Start of Provided material

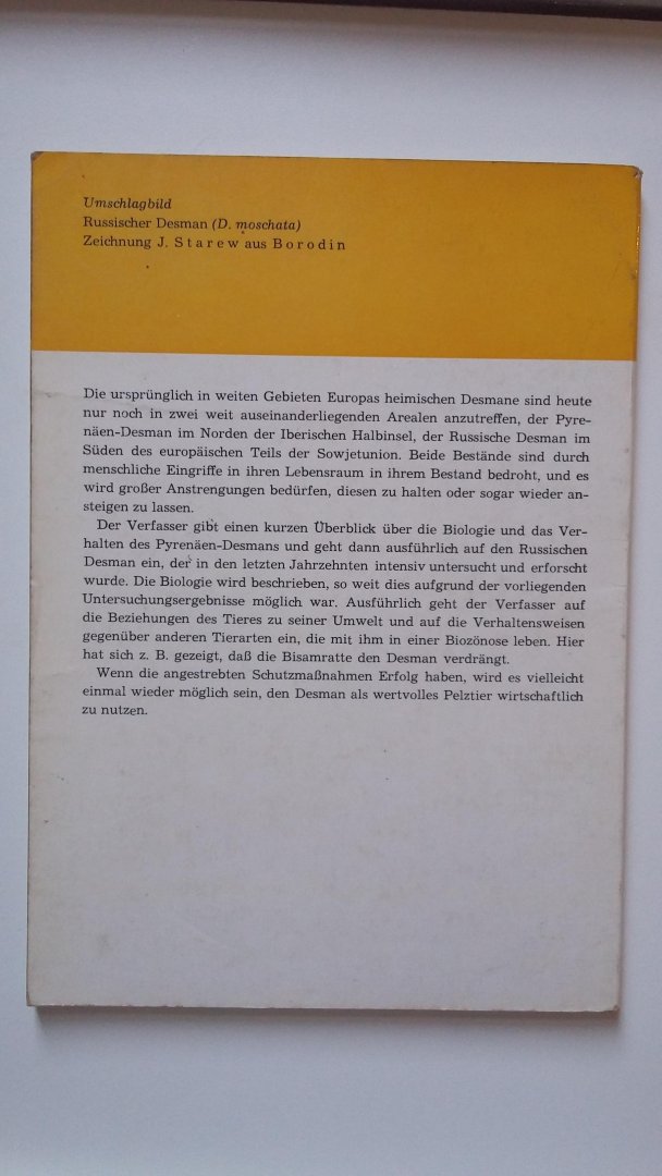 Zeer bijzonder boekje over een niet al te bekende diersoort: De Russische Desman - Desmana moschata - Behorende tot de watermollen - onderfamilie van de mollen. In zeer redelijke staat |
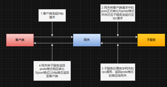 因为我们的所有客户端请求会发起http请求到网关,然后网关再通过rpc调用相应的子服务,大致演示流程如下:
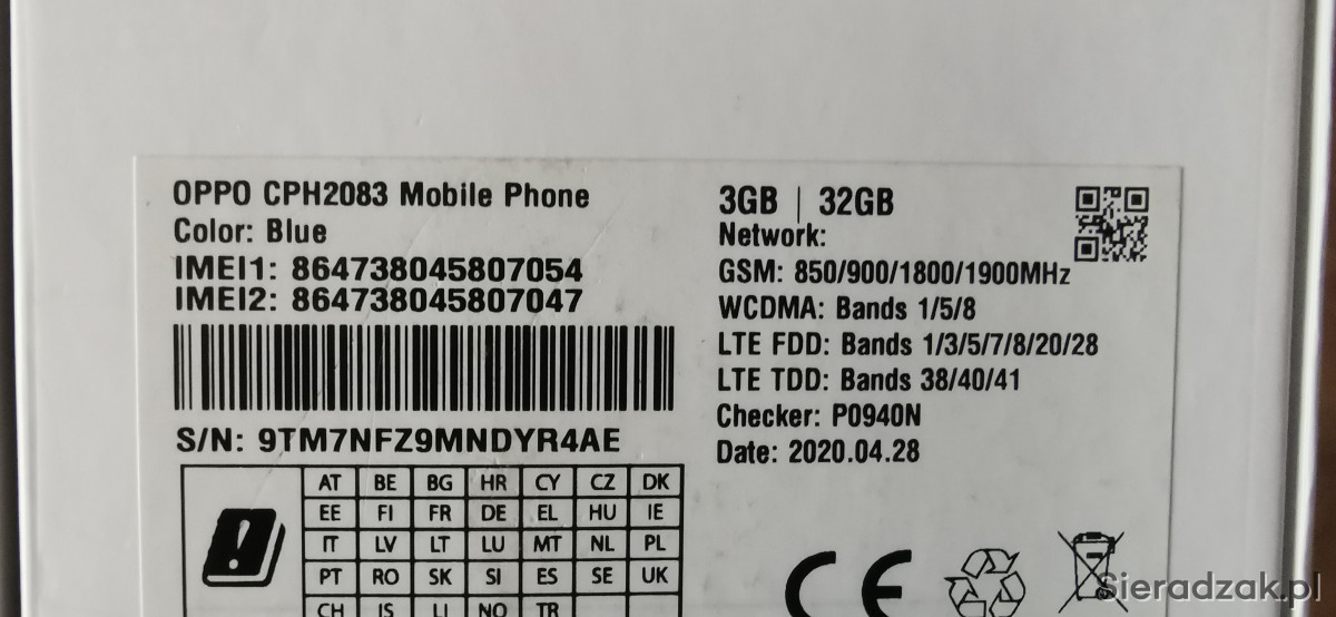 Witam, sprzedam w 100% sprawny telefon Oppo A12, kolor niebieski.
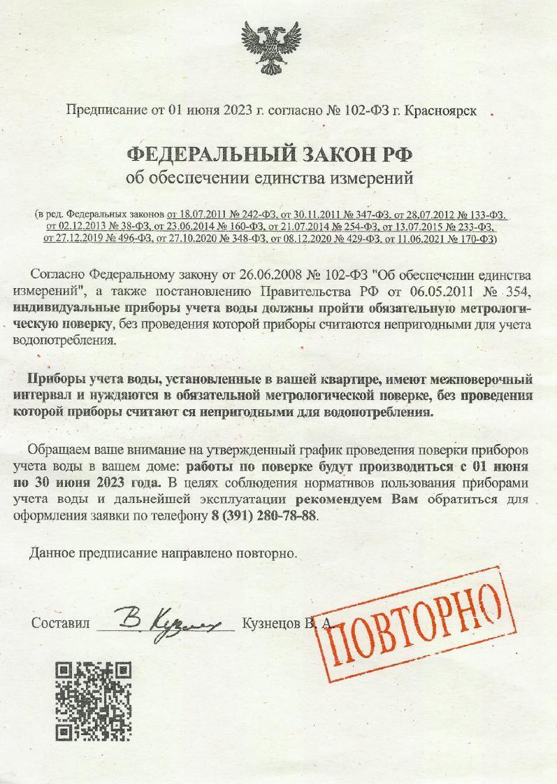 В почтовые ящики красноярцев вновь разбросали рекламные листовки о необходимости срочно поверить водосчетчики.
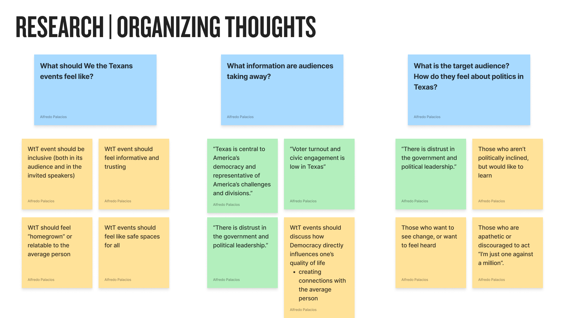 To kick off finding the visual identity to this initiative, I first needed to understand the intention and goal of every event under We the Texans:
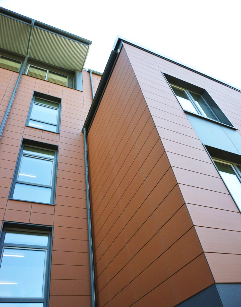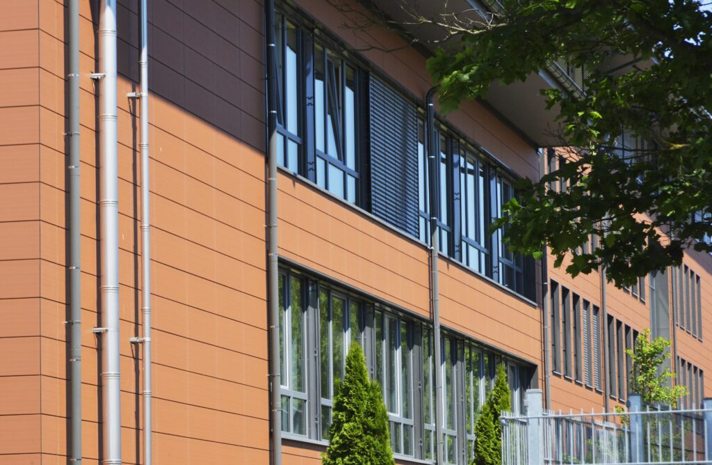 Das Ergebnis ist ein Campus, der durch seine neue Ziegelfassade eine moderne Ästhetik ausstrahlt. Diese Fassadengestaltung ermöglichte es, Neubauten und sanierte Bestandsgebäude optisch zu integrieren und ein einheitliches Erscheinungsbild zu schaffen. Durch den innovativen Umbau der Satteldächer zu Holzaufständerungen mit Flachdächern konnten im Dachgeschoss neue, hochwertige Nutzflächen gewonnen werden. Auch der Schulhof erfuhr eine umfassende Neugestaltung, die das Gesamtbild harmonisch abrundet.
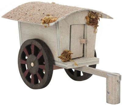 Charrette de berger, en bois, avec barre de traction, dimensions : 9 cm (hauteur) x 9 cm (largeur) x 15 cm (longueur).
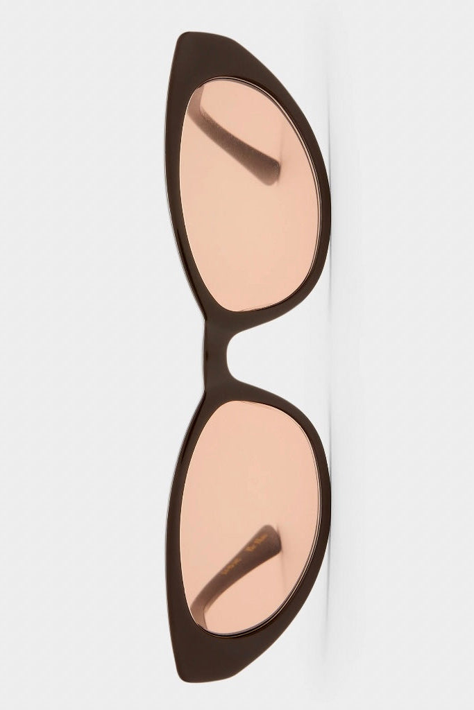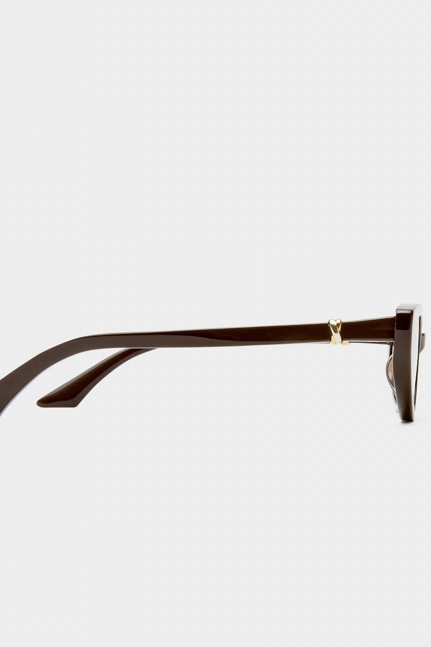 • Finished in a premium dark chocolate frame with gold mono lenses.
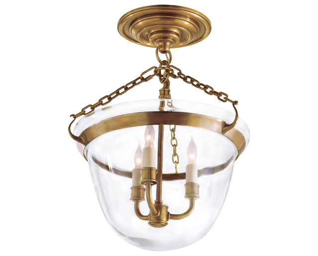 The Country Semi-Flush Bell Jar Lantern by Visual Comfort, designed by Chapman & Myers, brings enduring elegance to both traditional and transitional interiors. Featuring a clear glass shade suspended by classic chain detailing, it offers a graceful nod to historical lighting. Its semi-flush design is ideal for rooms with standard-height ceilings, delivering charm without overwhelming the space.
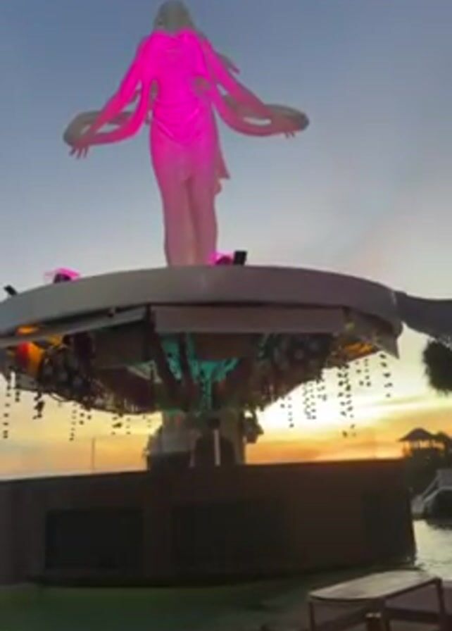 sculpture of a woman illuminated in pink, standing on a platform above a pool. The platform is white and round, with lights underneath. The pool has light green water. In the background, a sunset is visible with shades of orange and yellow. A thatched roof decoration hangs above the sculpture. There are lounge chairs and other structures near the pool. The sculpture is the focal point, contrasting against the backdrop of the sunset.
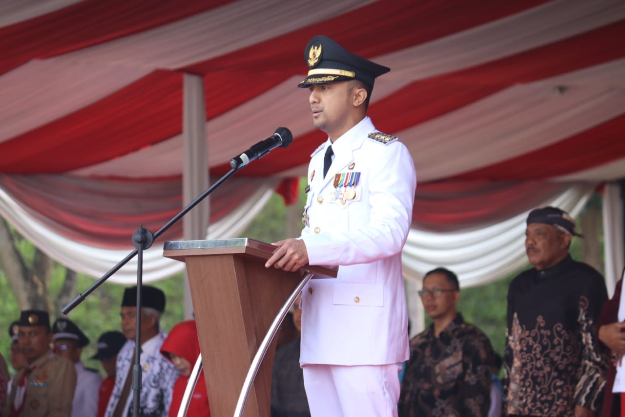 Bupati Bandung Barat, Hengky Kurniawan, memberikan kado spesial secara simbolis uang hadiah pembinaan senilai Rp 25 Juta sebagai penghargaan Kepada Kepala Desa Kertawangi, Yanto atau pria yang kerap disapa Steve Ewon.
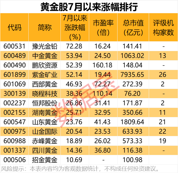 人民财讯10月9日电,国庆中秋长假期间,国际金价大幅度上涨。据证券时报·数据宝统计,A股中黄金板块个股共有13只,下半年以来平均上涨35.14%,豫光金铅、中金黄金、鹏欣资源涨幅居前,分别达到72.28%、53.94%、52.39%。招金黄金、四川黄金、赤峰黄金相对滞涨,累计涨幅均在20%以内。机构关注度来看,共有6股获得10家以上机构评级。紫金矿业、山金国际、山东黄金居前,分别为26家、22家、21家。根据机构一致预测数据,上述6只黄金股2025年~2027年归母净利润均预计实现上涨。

End of Provided material

#### The task
Transcribe all records verbatim and omit each image.

#### Response box
 Zeer bijzonder boekje over een niet al te bekende diersoort: De Russische Desman - Desmana moschata - Behorende tot de watermollen - onderfamilie van de mollen. In zeer redelijke staat |
 因为我们的所有客户端请求会发起http请求到网关,然后网关再通过rpc调用相应的子服务,大致演示流程如下:
 Witam, sprzedam w 100% sprawny telefon Oppo A12, kolor niebieski.
 В почтовые ящики красноярцев вновь разбросали рекламные листовки о необходимости срочно поверить водосчетчики.
 To kick off finding the visual identity to this initiative, I first needed to understand the intention and goal of every event under We the Texans:
 Das Ergebnis ist ein Campus, der durch seine neue Ziegelfassade eine moderne Ästhetik ausstrahlt. Diese Fassadengestaltung ermöglichte es, Neubauten und sanierte Bestandsgebäude optisch zu integrieren und ein einheitliches Erscheinungsbild zu schaffen. Durch den innovativen Umbau der Satteldächer zu Holzaufständerungen mit Flachdächern konnten im Dachgeschoss neue, hochwertige Nutzflächen gewonnen werden. Auch der Schulhof erfuhr eine umfassende Neugestaltung, die das Gesamtbild harmonisch abrundet.
 Charrette de berger, en bois, avec barre de traction, dimensions : 9 cm (hauteur) x 9 cm (largeur) x 15 cm (longueur).
 • Finished in a premium dark chocolate frame with gold mono lenses.
 The Country Semi-Flush Bell Jar Lantern by Visual Comfort, designed by Chapman & Myers, brings enduring elegance to both traditional and transitional interiors. Featuring a clear glass shade suspended by classic chain detailing, it offers a graceful nod to historical lighting. Its semi-flush design is ideal for rooms with standard-height ceilings, delivering charm without overwhelming the space.
 sculpture of a woman illuminated in pink, standing on a platform above a pool. The platform is white and round, with lights underneath. The pool has light green water. In the background, a sunset is visible with shades of orange and yellow. A thatched roof decoration hangs above the sculpture. There are lounge chairs and other structures near the pool. The sculpture is the focal point, contrasting against the backdrop of the sunset.
 Bupati Bandung Barat, Hengky Kurniawan, memberikan kado spesial secara simbolis uang hadiah pembinaan senilai Rp 25 Juta sebagai penghargaan Kepada Kepala Desa Kertawangi, Yanto atau pria yang kerap disapa Steve Ewon.
 人民财讯10月9日电,国庆中秋长假期间,国际金价大幅度上涨。据证券时报·数据宝统计,A股中黄金板块个股共有13只,下半年以来平均上涨35.14%,豫光金铅、中金黄金、鹏欣资源涨幅居前,分别达到72.28%、53.94%、52.39%。招金黄金、四川黄金、赤峰黄金相对滞涨,累计涨幅均在20%以内。机构关注度来看,共有6股获得10家以上机构评级。紫金矿业、山金国际、山东黄金居前,分别为26家、22家、21家。根据机构一致预测数据,上述6只黄金股2025年~2027年归母净利润均预计实现上涨。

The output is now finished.